Posts tagged “injection”

ChittahChattah Quickies

  • The Ephemera Society is a non-profit body concerned with the collection, preservation, study and educational uses of hand-written and printed ephemera. – The term ‘ephemera’ covers a wide range of documents including leaflets, handbills, tickets, trade cards, programmes and playbills, printed tins and packaging, advertising inserts, posters, newspapers and much more. In the words of the society’s founder, Maurice Rickards, “the minor transient documents of everyday life”.

    Essentially produced to meet the needs of the day, such items reflect the moods and mores of past times in a way that more formal records cannot. Collectors of printed ephemera vary in their approach. Some focus on the ephemera of a particular trade or profession, others are interested in its social or graphic history. Other ephemerists collect documents simply as evocative reminders of the past.

  • What does it mean when getting access to medical care looks like getting tickets for a popular concert? – Ottawa's chief medical officer of health announced Thursday that the city will start issuing single-use, non-transferable wristbands in place of tickets to indicate each person's place in the queue. He expects that to make things fairer than the ticket system for others in line. "People are picking up tickets and then disappearing, picking up more than one ticket, just generally misusing and gaming the system," Levy said.

    Until now, some healthy people have been picking up tickets ahead of time so their children or other vulnerable relatives won't have to spend hours waiting in crowds at the clinics, where they could be exposed them to diseases such as swine flu. The new system could prevent them from taking such measures.

Prepping for Asia

Last week we went to get our vaccinations in preparation for January’s trip to Hong Kong, Bangkok, and India. Already a significant frame shift, for now we’re having conversations about horrible ridiculous diseases that we don’t even think about. I got shot up for Hep A, influenza, and polio. Been taking pills for typhus. And we’ve got pills for malaria to be taken en route.

Strange experience at the injection clinic at Kaiser, our HMO. The reception area is a hallway.
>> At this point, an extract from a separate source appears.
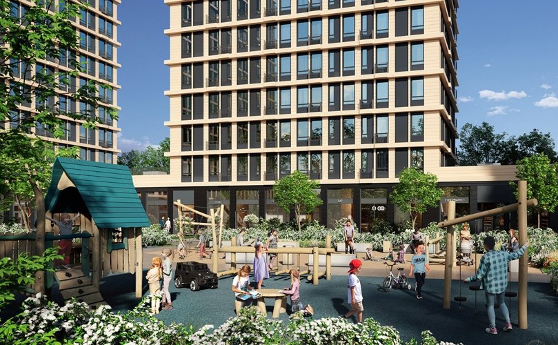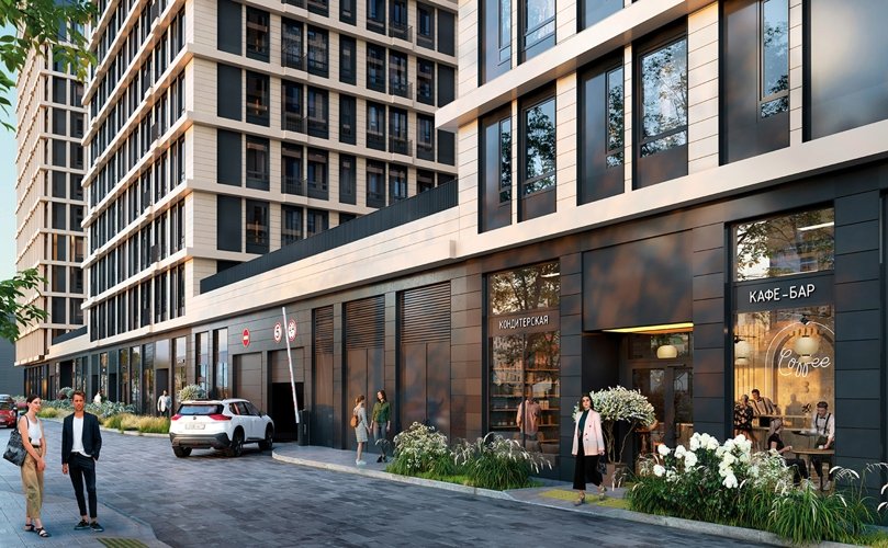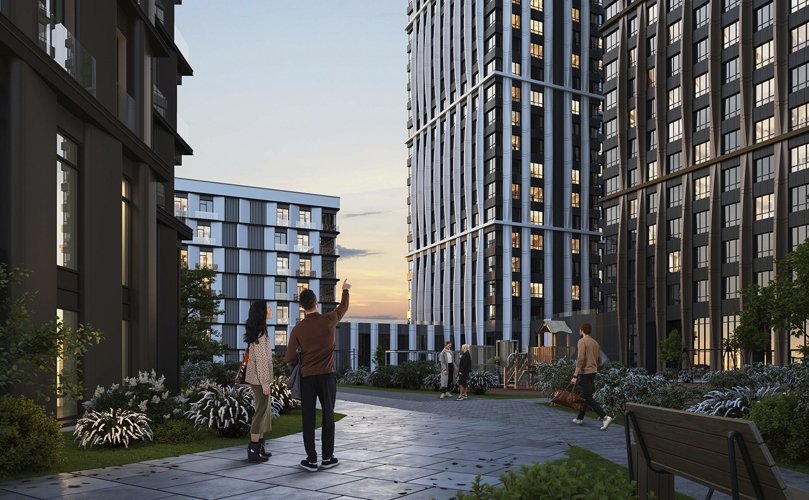 Архитекторы предложили концепцию, сочетающую динамичность высоток и уют приватного пространства. Здания разной высоты образуют внутренний двор, защищенный от городского шума и суеты. Зеленые зоны отделены от оживленной пешеходной улицы с магазинами, кафе и кофейнями.

With a door opening to the cold outside right next to it, and plenty of foot traffic going through. At least 10 signs on the door with a range of contradictory instructions about how to gain access; the door is locked and you can drop your card (for drop-in, I guess) into a Lucite contraption that seems guaranteed to eat your card, or your card and typed-up-form (for those with appointments who went to reception) into a shelf on the back of the door that seems guaranteed to eat your card. Not clear who should do which, or when. A sign indicates the waiting area. Above an empty part of the wall, where the chairs are quite some distance away. It’s a nightmare; we watched a woman and daughter approach, where the woman clearly had little English, and she didn’t even pay attention to the signs and try to problem-solve with them, she just peered through the small window and tried to make eye contact with someone for help. Good solution, I guess, since the instructions/information design was horrific.

Once inside, we are given a form and a clipboard. The form was a photocopy of a photocopy of a photocopy (reproductio ad absurdum) that could barely be read and of course included all sorts of information (name, address, contact info, member number) that was redundant to what was already captured by the computer form from reception.

And the injection nurse was the nicest, coolest most helpful person you could ever hope to meet in a healthcare situation! The human factor was awesome; the human factors were terrible. She talked to us about her own travels; advised us about injections based on good information re: the types of exposure based on types of activity, side-effects and so on. She had decorated the small injection room with blowups of her own exotic travel pictures. We had a good time with her.

Meanwhile, we also got our visa from the Indian consulate in San Francisco. You show up with all your paperwork between 9am and noon, and then show up at 4:00 to pick up your finished visa (in fact, they hold onto your passport for this time and put a special document into one of the pages). Upon our return we got the horrible customer service question for Anne: “Could it be under another name?” but eventually they found it. Turned out they had held it because she was red-flagged. Based on occupation. Yep, a social worker is required to come in and sign a special form declaring they won’t practice any social work while in India. I bet Indian visitors to the US are scrutinized for possibly taking tech jobs illegally, but when we go over there, we are forbidden from possibly engaging in any social work!

Anyway, the form was signed and the visa was issued shortly. There was something strange and ironic about it all; I suspect that may be the theme for the whole trip.